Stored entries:
########################################
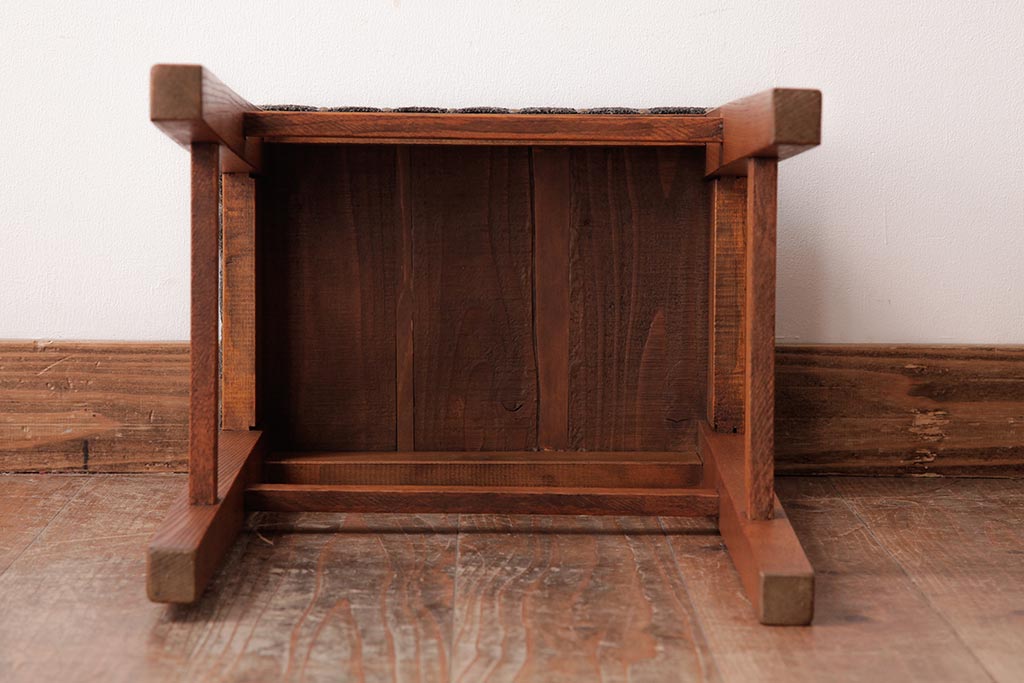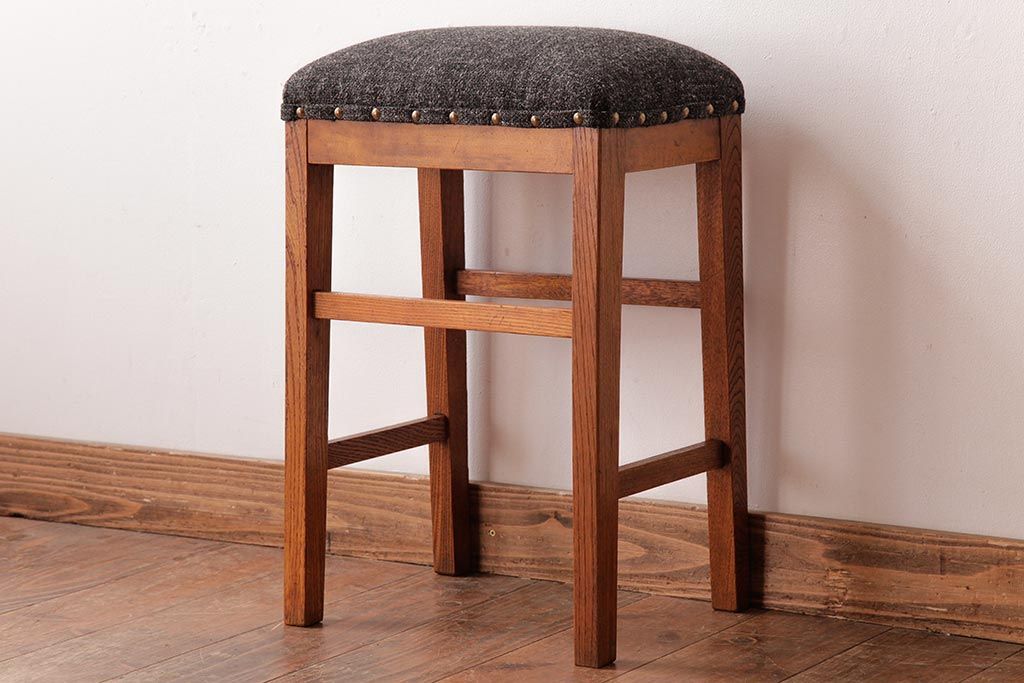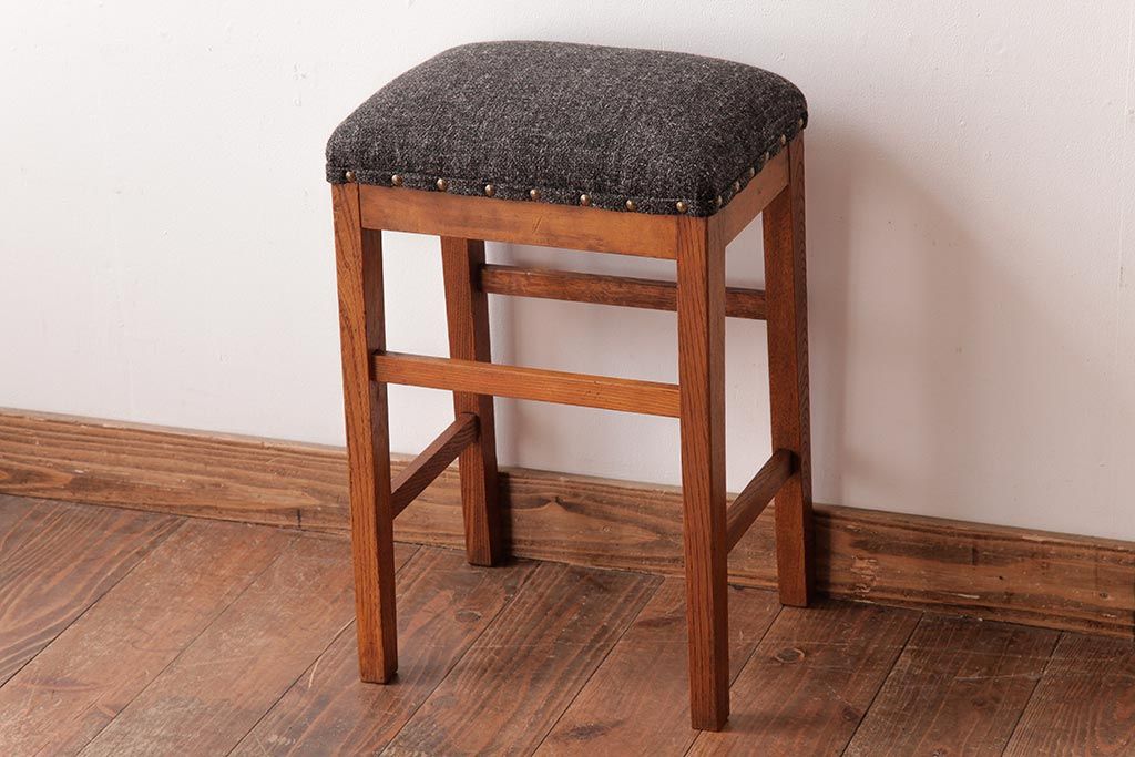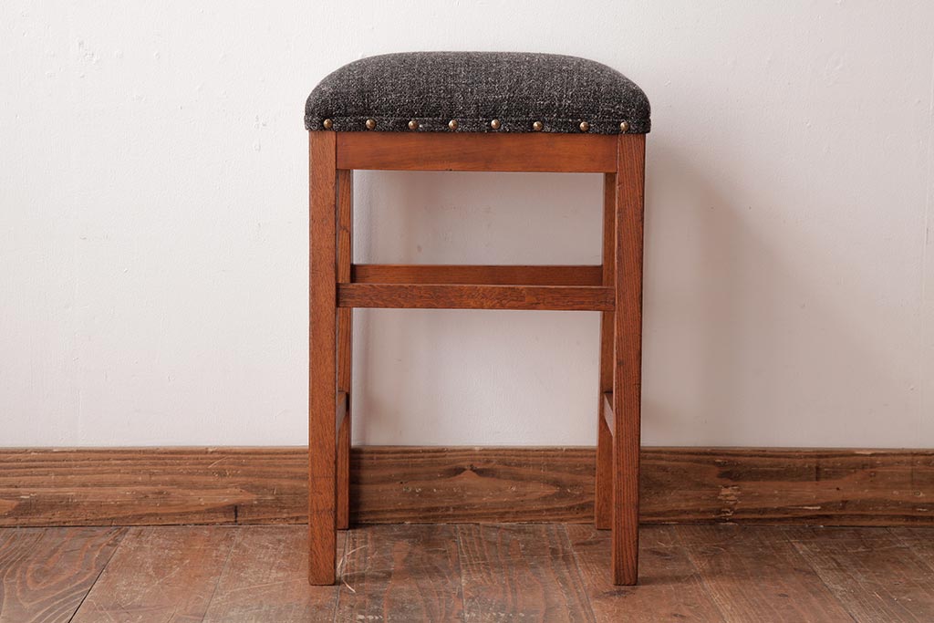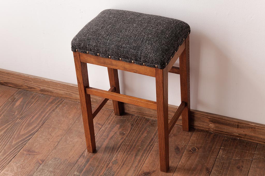 レトロ家具 昭和レトロ ケヤキ材 メンズライクにもおすすめなグレーのファブリックのスツール(椅子)
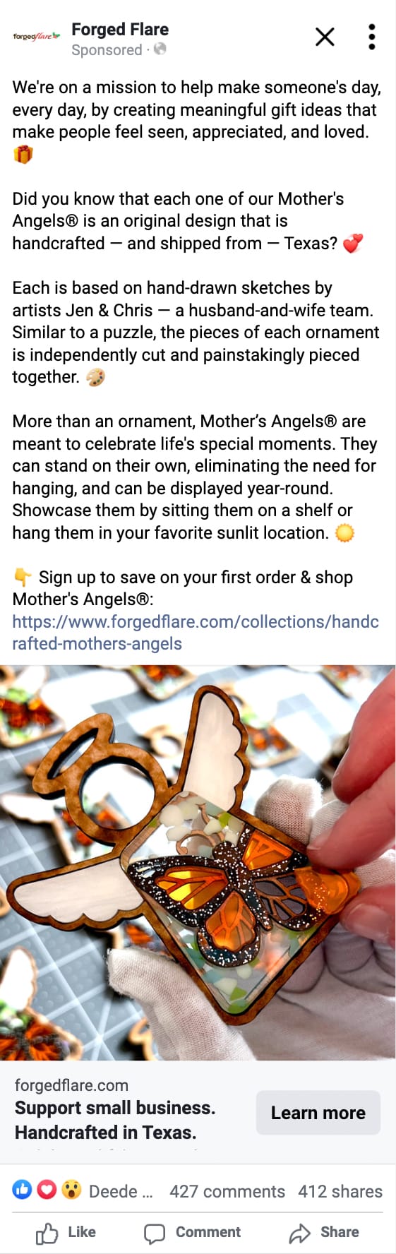 Last year was a big year for my handmade ornaments company, Forged Flare. We went into 2022 determined to nail our online advertising strategy. We spent the early part of the year experimenting with different platforms, creatives, and approaches so that when the holiday season—our biggest time of year—came, we could crank up the budget and reap the rewards. And it paid off: In Q4 of 2022, we quadrupled our income from the previous year.
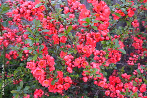 Naklejka premium Zierquitte, rote Blüten, Frühling
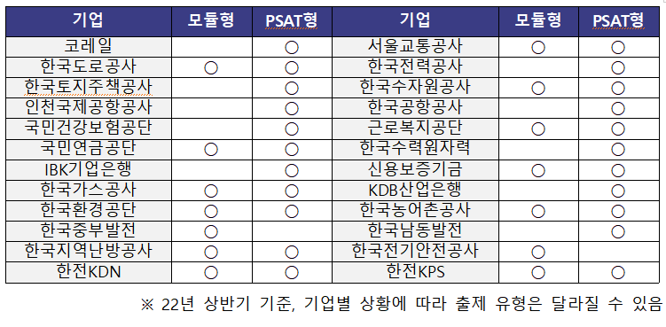 실제 대부분의 NCS 수험서 또한 NCS 시험의 문제 유형을 ①모듈형(산업인력공단의 NCS 학습모듈 교재 내용을 기반으로 한 문제), ②피셋형, ③피듈형(모듈형+피셋형)으로 구분하고 있다. 또한 모듈형 문제는 일부 기업에서만 출제되는 데에 비해 PSAT형 문제는 거의 모든 기업에서 출제된다는 점을 고려하면 유사성은 생각보다 높다. (하단 표 참조)
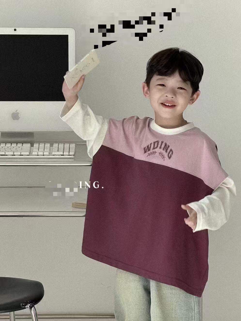 X56 레드 스티치 한국식 긴팔 티셔츠 소년 소녀, 중대형 아동용, 봄, 가을 새로운 스타일 탑, 반품 불가스토어 가기
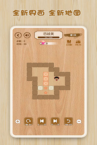 移动小人:点击目标位置,如果没有障碍物阻挡,角色会自动寻路到达目标点。推动箱子:如果想向右推动箱子,先点击箱子左侧位置,再点击箱子即可完成推动,其他方向的操作方法类似。切换关卡:可以通过上一关、下一关、上一未过关、下一未过关等多种方式自由切换关卡,方便玩家随时调整挑战进度。
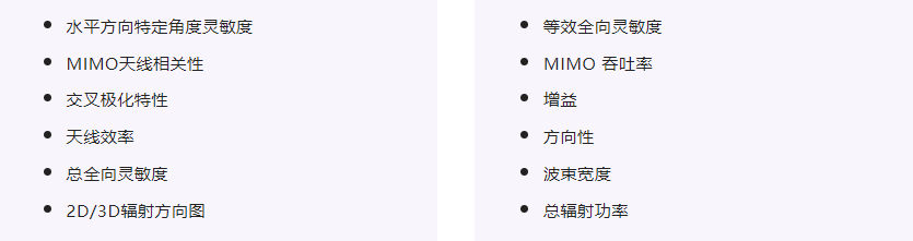 支持3GPP、CTIA等國際標準測試方法和所有測量指標,包括方向圖、增益、效率等天線指標;TRP、TIS、EIRP、EIS、Desense等射頻指標;以及MIMO吞吐率等性能指標。
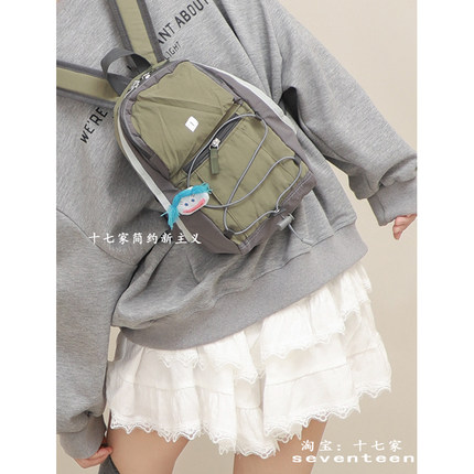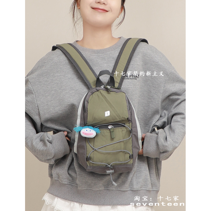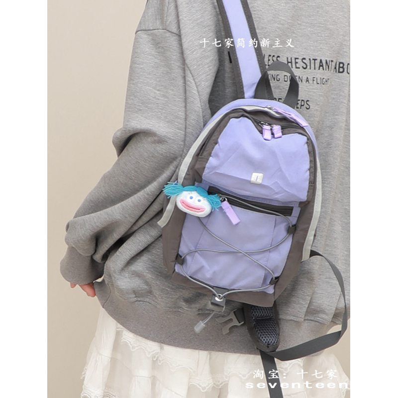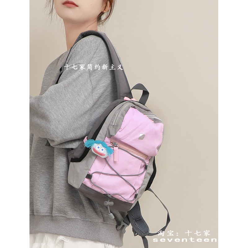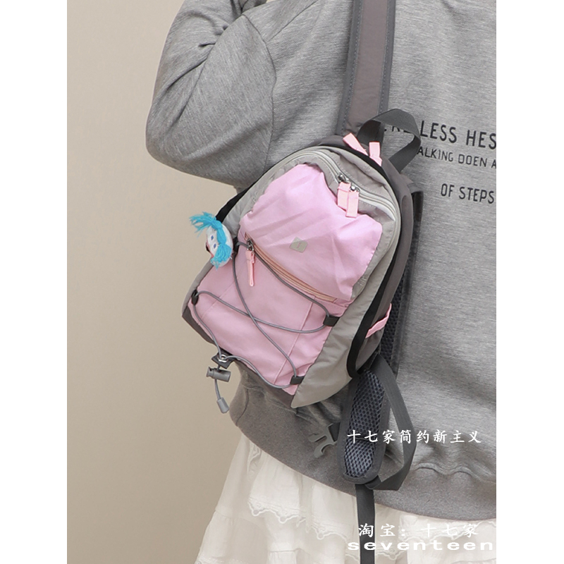十七家韩国休闲轻便双肩包2024新款撞色户外登山包防水小背包潮
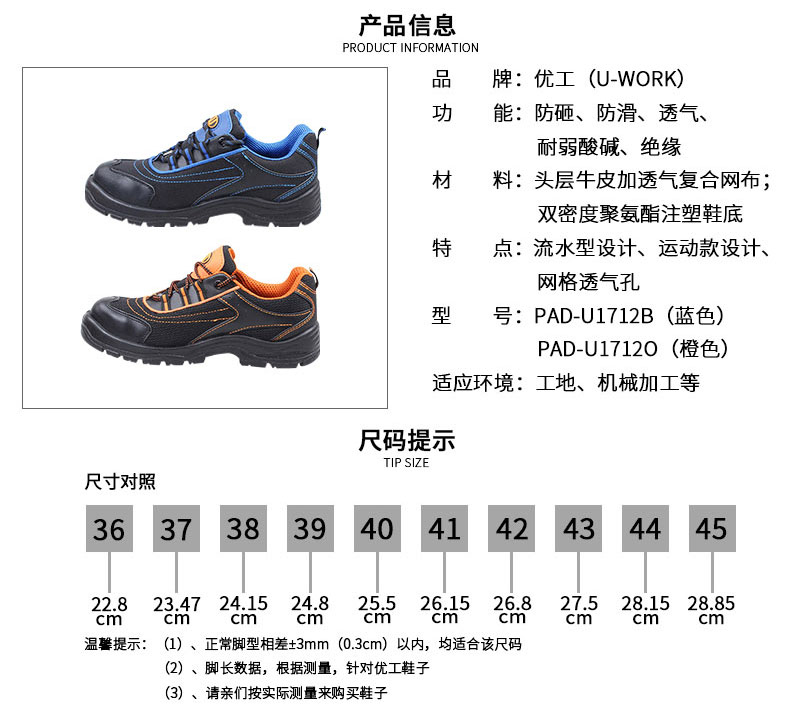优工 运动安全鞋,PAD-U1720BU-45,多彩系列防砸防刺穿安全鞋 |
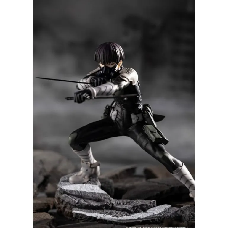 El diseño meticuloso resalta a Hoshina con su atuendo distintivo, combinando tonos oscuros con detalles en gris y blanco. La figura muestra el personaje preparado para el combate con dos katanas, destacando su determinación y habilidad. Fabricada por Kotobukiya, esta estatua de PVC destaca por su calidad y realismo, desde las texturas de la ropa hasta la base que simula terreno pedregoso.
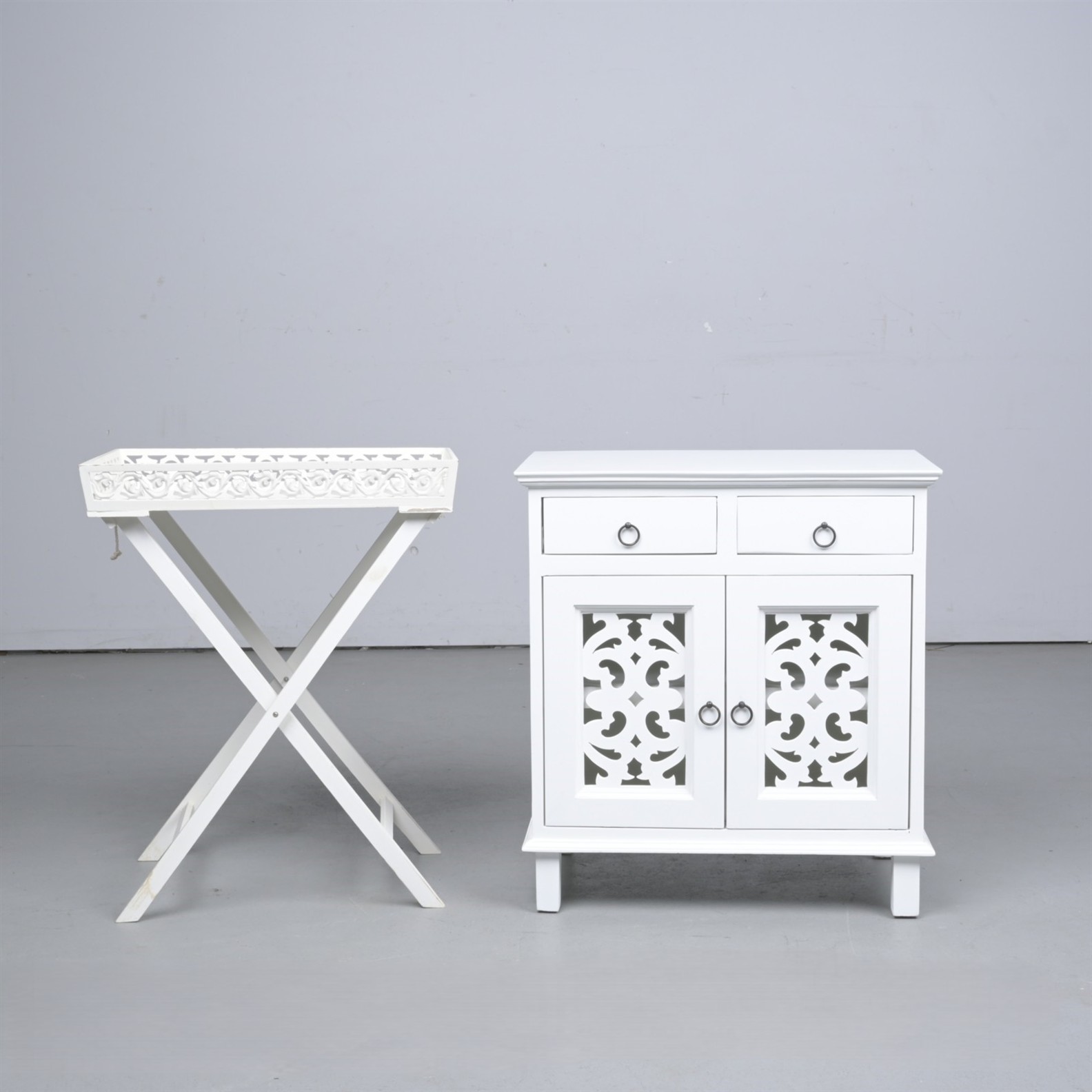 A WHITE-PAINTED BEDSIDE CABINET TOGETHER WITH A BUTLERS STAND (A/F) (71CM H X 65CM W X 40CM D)
########################################
# EXERCISE DESCRIPTION
Reproduce nothing but the lines running from the line with "실제 대부분의 NCS" through the end of the records, keeping both end lines and dropping the pictures.

# EXERCISE SOLUTION
 실제 대부분의 NCS 수험서 또한 NCS 시험의 문제 유형을 ①모듈형(산업인력공단의 NCS 학습모듈 교재 내용을 기반으로 한 문제), ②피셋형, ③피듈형(모듈형+피셋형)으로 구분하고 있다. 또한 모듈형 문제는 일부 기업에서만 출제되는 데에 비해 PSAT형 문제는 거의 모든 기업에서 출제된다는 점을 고려하면 유사성은 생각보다 높다. (하단 표 참조)
 X56 레드 스티치 한국식 긴팔 티셔츠 소년 소녀, 중대형 아동용, 봄, 가을 새로운 스타일 탑, 반품 불가스토어 가기
 移动小人:点击目标位置,如果没有障碍物阻挡,角色会自动寻路到达目标点。推动箱子:如果想向右推动箱子,先点击箱子左侧位置,再点击箱子即可完成推动,其他方向的操作方法类似。切换关卡:可以通过上一关、下一关、上一未过关、下一未过关等多种方式自由切换关卡,方便玩家随时调整挑战进度。
 支持3GPP、CTIA等國際標準測試方法和所有測量指標,包括方向圖、增益、效率等天線指標;TRP、TIS、EIRP、EIS、Desense等射頻指標;以及MIMO吞吐率等性能指標。
十七家韩国休闲轻便双肩包2024新款撞色户外登山包防水小背包潮
优工 运动安全鞋,PAD-U1720BU-45,多彩系列防砸防刺穿安全鞋 |
 El diseño meticuloso resalta a Hoshina con su atuendo distintivo, combinando tonos oscuros con detalles en gris y blanco. La figura muestra el personaje preparado para el combate con dos katanas, destacando su determinación y habilidad. Fabricada por Kotobukiya, esta estatua de PVC destaca por su calidad y realismo, desde las texturas de la ropa hasta la base que simula terreno pedregoso.
 A WHITE-PAINTED BEDSIDE CABINET TOGETHER WITH A BUTLERS STAND (A/F) (71CM H X 65CM W X 40CM D)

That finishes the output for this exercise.